This equation represents the optimal estimator of the HD amplitude A²; it can also be interpreted as the best-fit ${\hat{A}}^{2}$ obtained by least-squares fitting the ρ_ab to the Hellings–Downs model ${\hat{A}}^{2}\,{\rm{\Gamma }}({\xi }_{{ab}})$ . Because ${\hat{A}}^{2}$ is a function of intrinsic red noise and common-process hyperparameters through the ${{\bf{P}}}_{a}$ , we use the results of an initial Bayesian inference run to refer the statistic to MAP hyperparameters, or to marginalize it over their posteriors. As discussed in Vigeland et al. (2018), we obtain more accurate values of the amplitude by this marginalization.

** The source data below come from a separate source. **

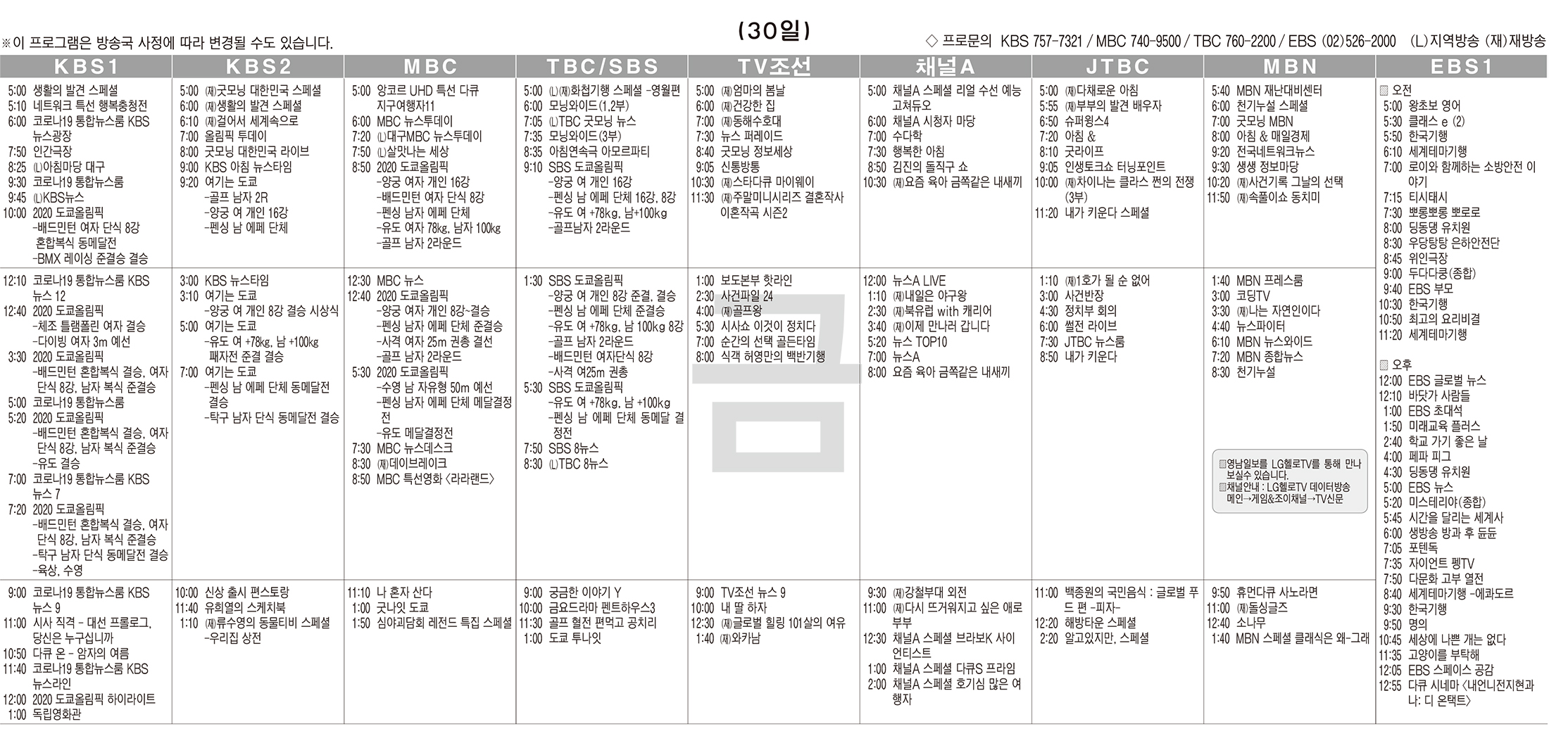 카카오톡 페이스북 트위터 전체 네이버밴드 네이버블로그 7월30일(금) TV 편성표 박성희 기사 전체보기 영남일보(www.yeongnam.com), 무단전재 및 수집, 재배포금지 연예인기뉴스
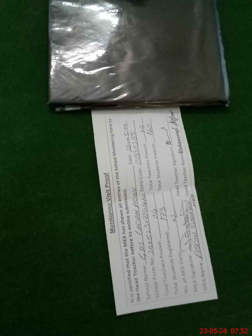 | Certified that this School was Inspected by the Undersigned MEA/DMO Today and the Information Stated Above is as Per Record. | |||||
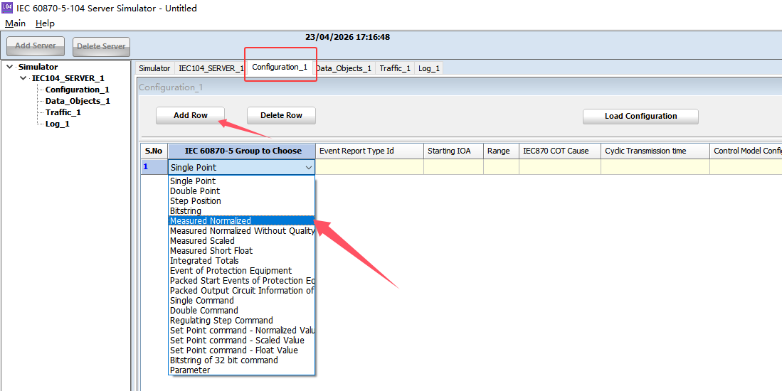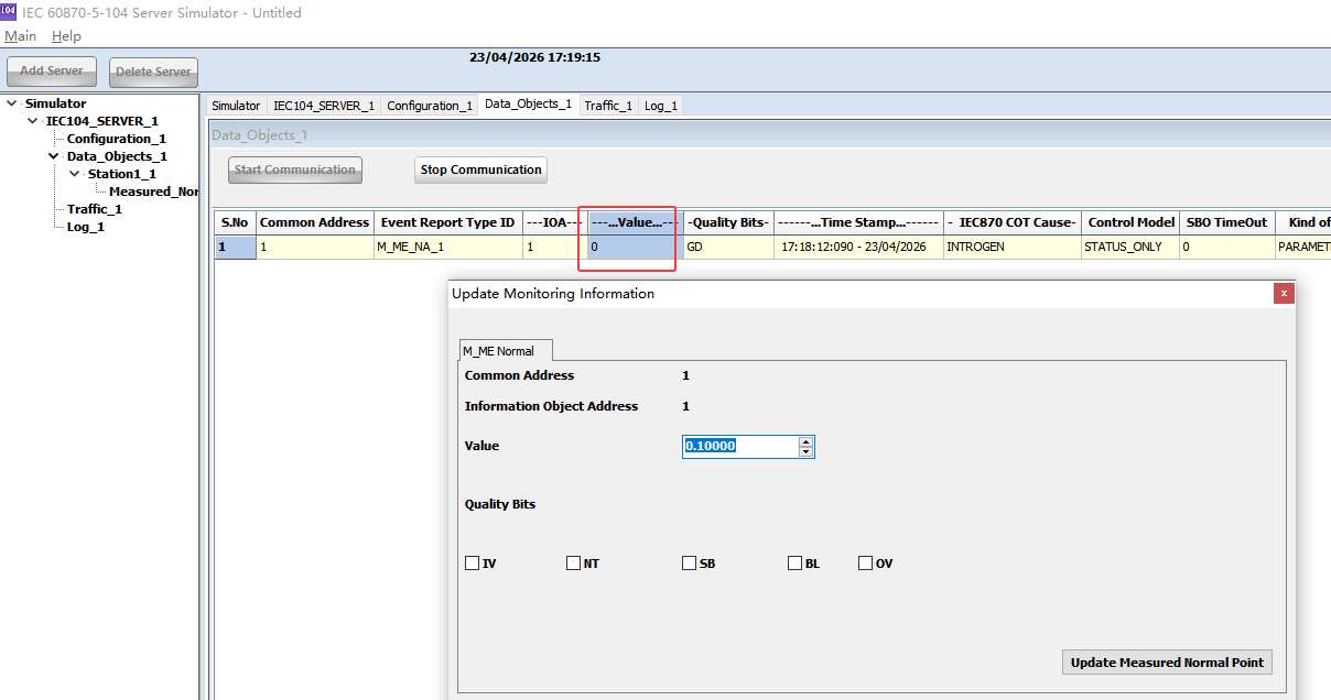 IEC 60870-5-104 Server Simulator模拟器支持多种数据类型的采集以及控制写入。
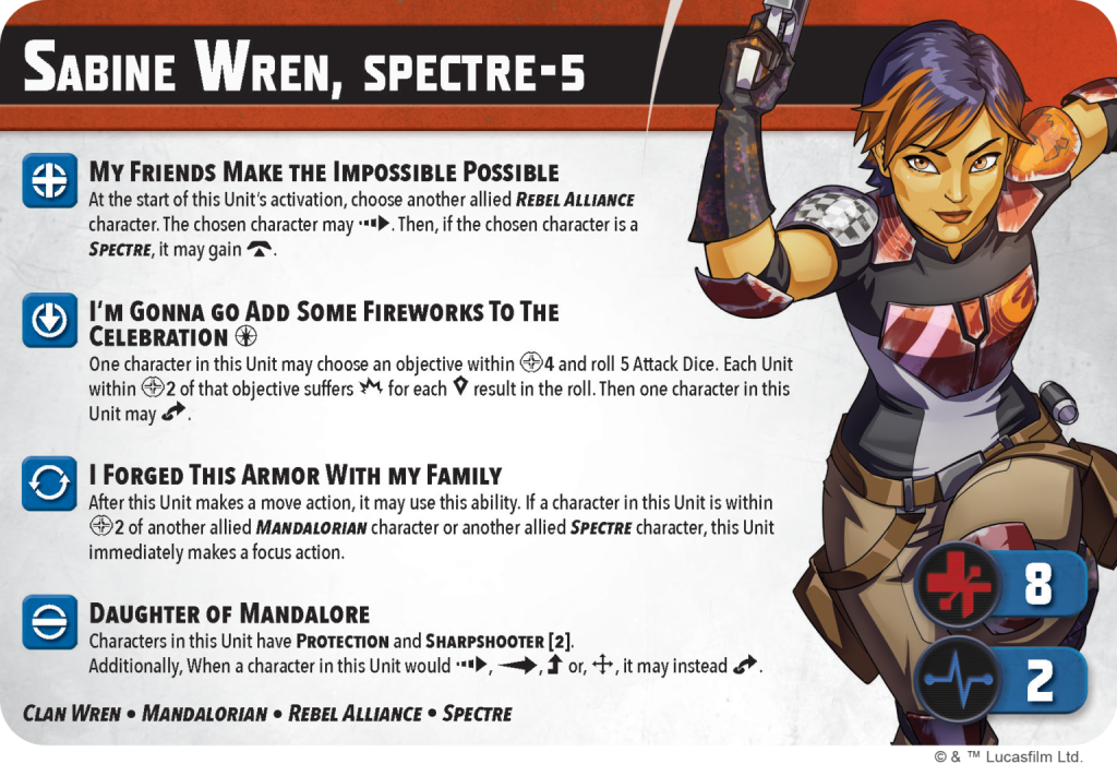 First, great job AMG on naming this active ability. I love it. Now, what does it do? For the cost of one Force, Sabine can choose an objective with Range 4. She then rolls 5 attack dice. For each attack expertise roll, all Units within Range 2 of the chosen objective suffer one damage. Sabine can then jump after this action is resolved. I really like this ability A LOT. For one, any time you can hand out automatic chip damage and your opponent doesn’t get to roll any defense dice is a good ability in my book. Additionally, the objective you choose doesn’t have to be an active objective. So if your opponent has a lot of units clustered around an objective they believe will be active during the next struggle, or they’re passing by one on their way to an active objective, Sabine can just make things go BOOM. However, you will want to make sure you don’t have any of your own units around the objective, or that they are units that can take the damage.I Forged This Armor With My Family
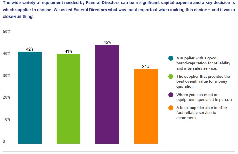Despite the skills shortage being felt in many sectors, Funeral Directors are bullish about their investment plans, with a strong response to our question ‘are you considering investing in your business in the next 12 months’ – three quarters answered ‘yes’.
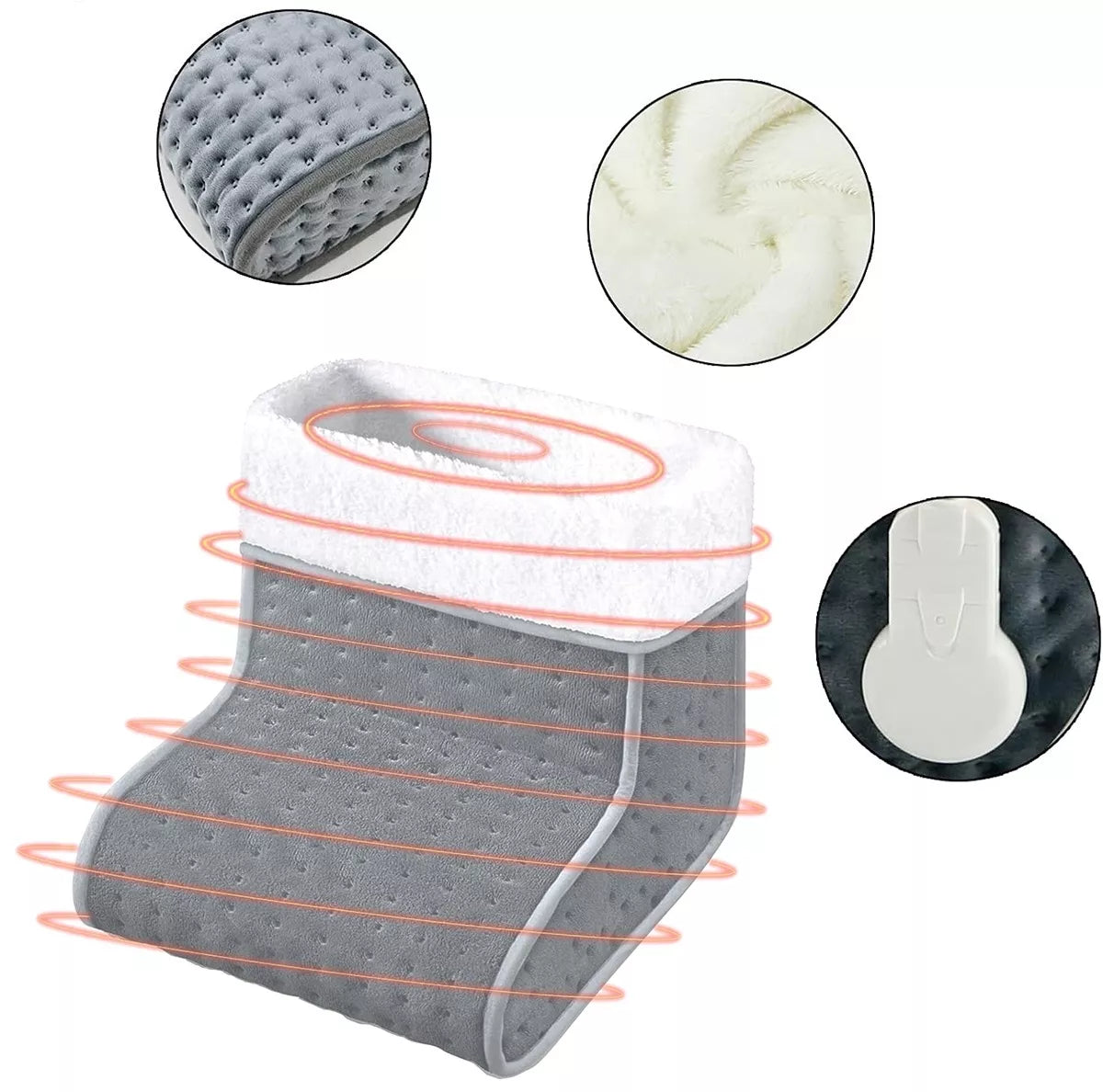 Elektrinis bato formos pėdų šildytuvas. Kilimėlis pagamintas iš storos, šiltos medžiagos, kuri patogiai apgaubia abi pėdas. Kišenė labai minkšta ir maloni liesti, aptraukta šiltu kailiu. Universalus atidarymo dydis leidžia pritaikyti pėdas nepriklausomai nuo dydžio. Pagalvėlė greitai įkaista ir taip pat greitai išskiria šilumą. Šildymo galią galima reguliuoti iki 5 lygių naudojant maitinimo laido nuotolinio valdymo pultą. Jis taip pat turi automatinio išsijungimo funkciją po valandos nepertraukiamo naudojimo. Prietaisas maitinamas elektra, todėl jo nereikia nuolat krauti.
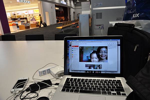 筆者於候機室的電腦桌,利用機場的免費wifi與姊姊及外甥女視訊,順便幫手機充電。
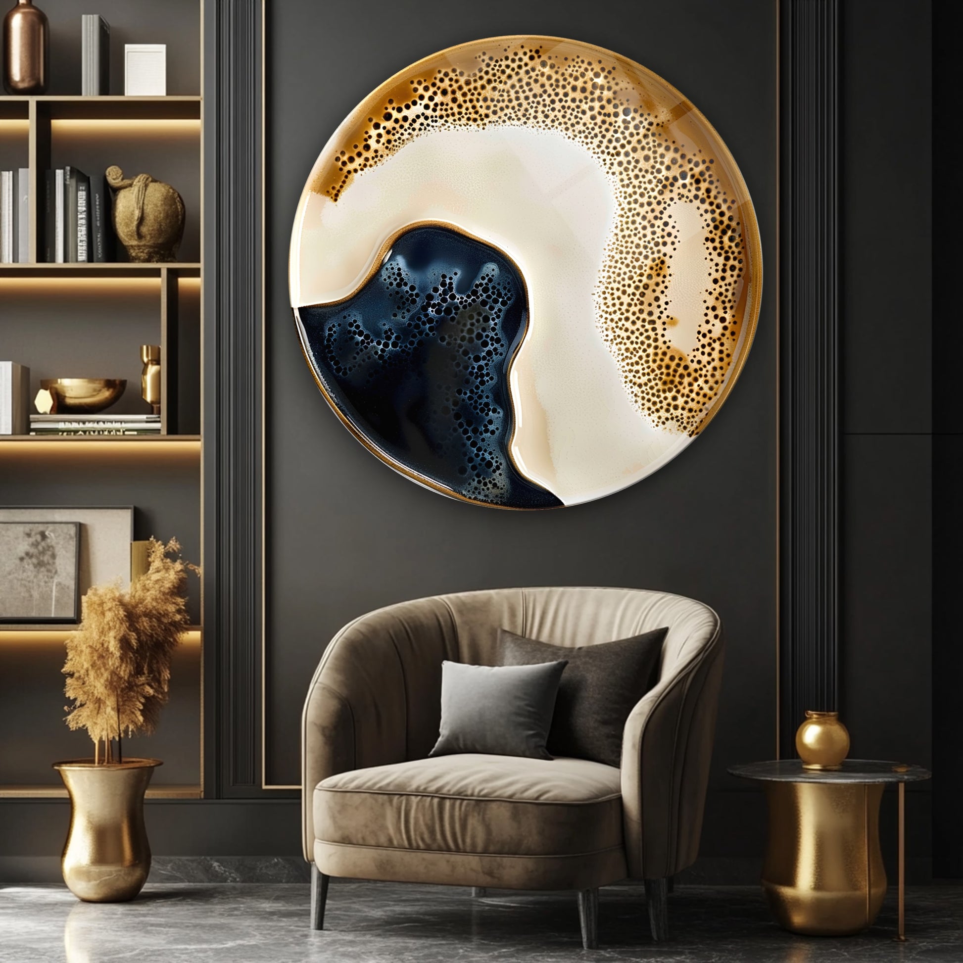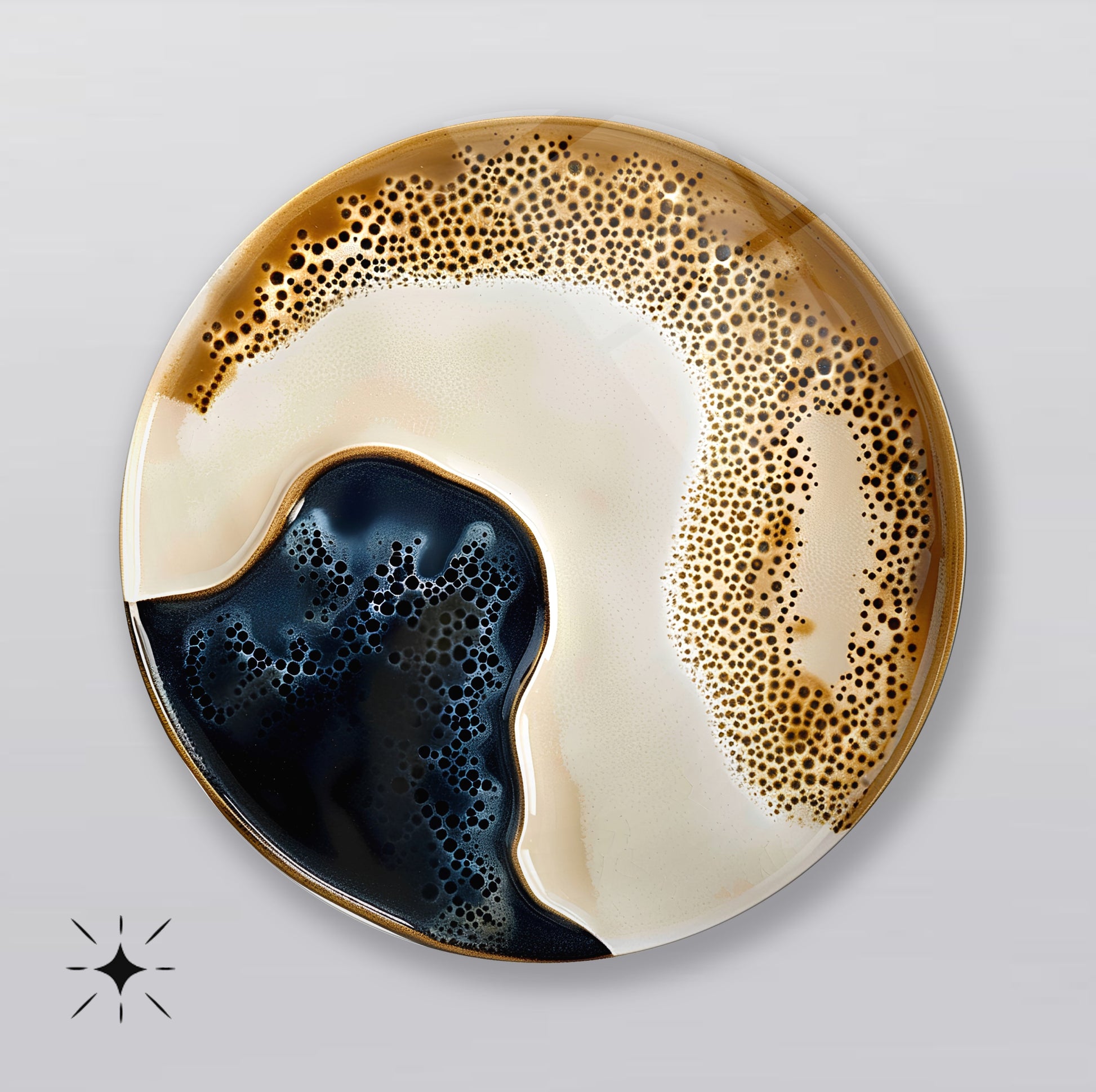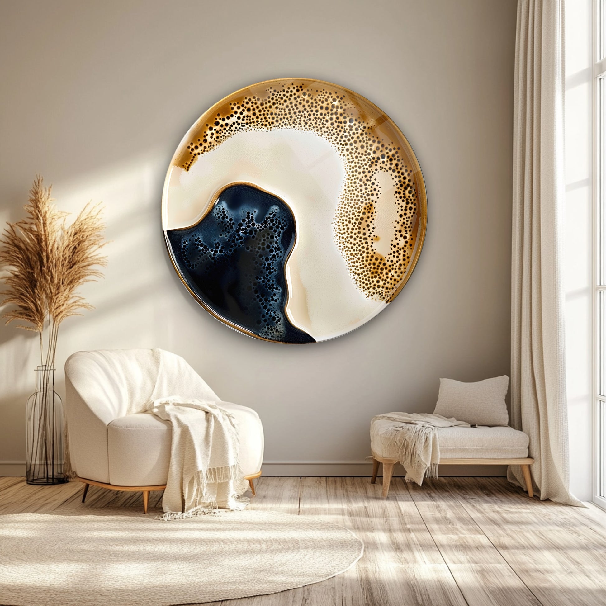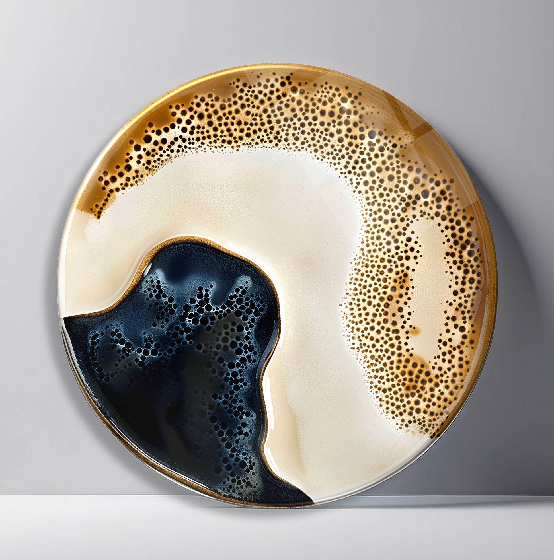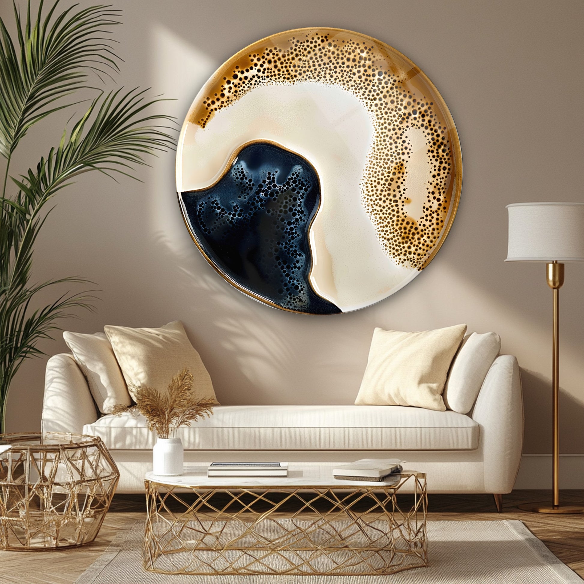 Soyut Kahve Köpüğü Yuvarlak Cam Tablo
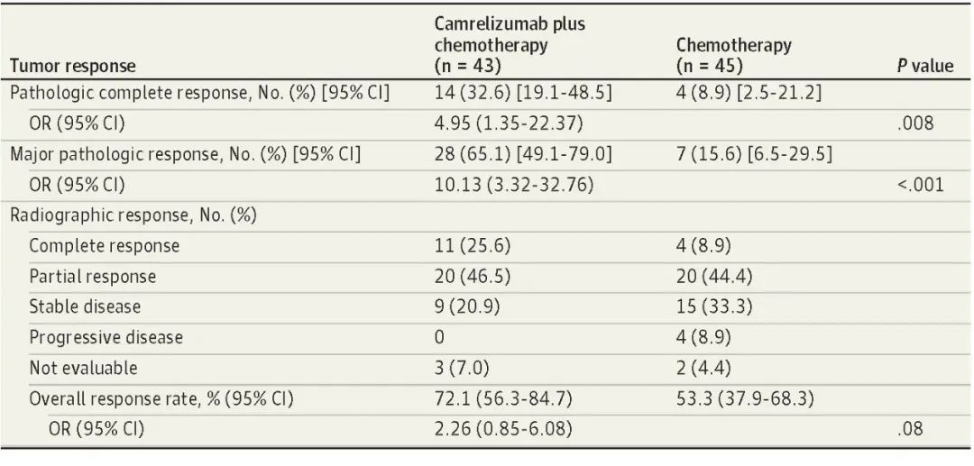北京时间8月3日,DB真人医药创新药卡瑞利珠单抗联合化疗(Cam+CT)对比化疗(CT)新辅助治疗ⅢA/ⅢB (T3N2) 期非小细胞肺癌(NSCLC)结果在线发表于国际权威期刊JAMA Oncology[1]。该研究是由空军军医大学唐都医院姜涛教授、雷杰教授团队联合陕西省肿瘤医院雷光焰教授团队、兰州大学第二附属医院王成教授团队共同参与的一项随机对照、多中心、Ⅱ期临床研究(TD-FOREKNOW,NCT04338620)。研究结果显示,与化疗相比,卡瑞利珠单抗联合化疗新辅助治疗NSCLC显著提高了病理完全缓解(pCR)率(32.6% vs 8.9%,OR=4.95,95% CI :1.35-22.37, P =0 .008),且安全性良好。本研究是卡瑞利珠单抗新辅助治疗可切除NSCLC患者的首个随机对照研究,为NSCLC新辅助免疫治疗再添新证。
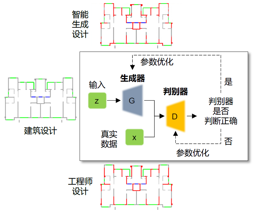 如果判别器发现结构方案是人工智能设计的,而不是工程师设计的,则生成器被判定“失败”,生成器去继续学习提升。如果判别器无法判别图纸是人工智能设计的还是工程师设计的,则判别器被判定“失败”,回去继续学习提升。判别器和生成器不断对抗提升,直至达到纳什均衡,这就叫“对抗生成网络”。(图4)

To search for interpulsar correlations using the optimal statistic, we evaluate the frequency (the p-value) with which an uncorrelated common-spectrum process with parameters estimated from our data set would yield ${\hat{A}}^{2}$ greater than we observe. In the absence of a signal, the expectation value of ${\hat{A}}^{2}$ is zero, and its distribution is approximately normal. Thus, we divide the observed ${\hat{A}}^{2}$ by its standard deviation to define a formal S/N

$\begin{eqnarray}&&{\rm{S}}/{\rm{N}}=\frac{{\sum }_{a\gt b}{\rho }_{{ab}}{\rm{\Gamma }}({\xi }_{{ab}}){/\sigma }_{{ab}}^{2}}{{\left[{\sum }_{a\gt b}{{\rm{\Gamma }}}^{2}({\xi }_{{ab}}){/\sigma }_{{ab}}^{2}\right]}^{1/2}}.\end{eqnarray} \tag{ 11 }$

Figure 4 shows the distribution of this S/N over curn ^γ and curn ^13/3 noise parameter posteriors, with S/Ns of 5 ± 1 and 4 ± 1, respectively (means ± standard deviations across noise parameter posteriors). We use 14 frequency components to model the signal; the dependence on the number of frequency components is very weak.

Because the distribution of ${\hat{A}}^{2}$ is only approximately normal (Hazboun et al. 2023), the S/N of Equation (11) does not map analytically to a p-value, and it cannot be interpreted as a "sigma" level. Instead, optimal statistic p-values can be computed empirically by removing interpulsar correlations from the 15 yr data set with phase shifts (Taylor et al. 2017). We draw random phase offsets from 0 to 2π for the common-process Fourier components, which is equivalent to making uniform draws from the background distribution of CURN, and ask how often a random choice of phase offsets produces an HD-correlated signal. The right panel of Figure 3 shows the distribution of noise-marginalized S/N over 400,000 phase shifts. There are 19 phase shifts with noise-marginalized S/N greater than observed, with p = 5 × 10⁻⁵. We compare the phase-shift distribution with backgrounds obtained by simulation (right panel of Figure 3, orange line) and analytic calculation (green line). For the former, we simulate 27,000 curn ^γ realizations using MAP hyperparameters from the 15 yr data and compute the optimal statistic S/N for each; for the latter, we evaluate the generalized χ² distribution (Hazboun et al. 2023) with median curn ^γ hyperparameters. Although neither method includes the marginalization over noise parameter posteriors, we find good agreement with phase shifts, with p = 1.8 × 10⁻⁴ from simulations and p = 1.9 × 10⁻⁴ from the analytic calculation. Finally, we use sky scrambles to compute the p-value for the null hypothesis that interpulsar correlations are present, but they have no dependence on the angular separation between the pulsars, for which we find p < 10⁻⁴ (see Appendix F).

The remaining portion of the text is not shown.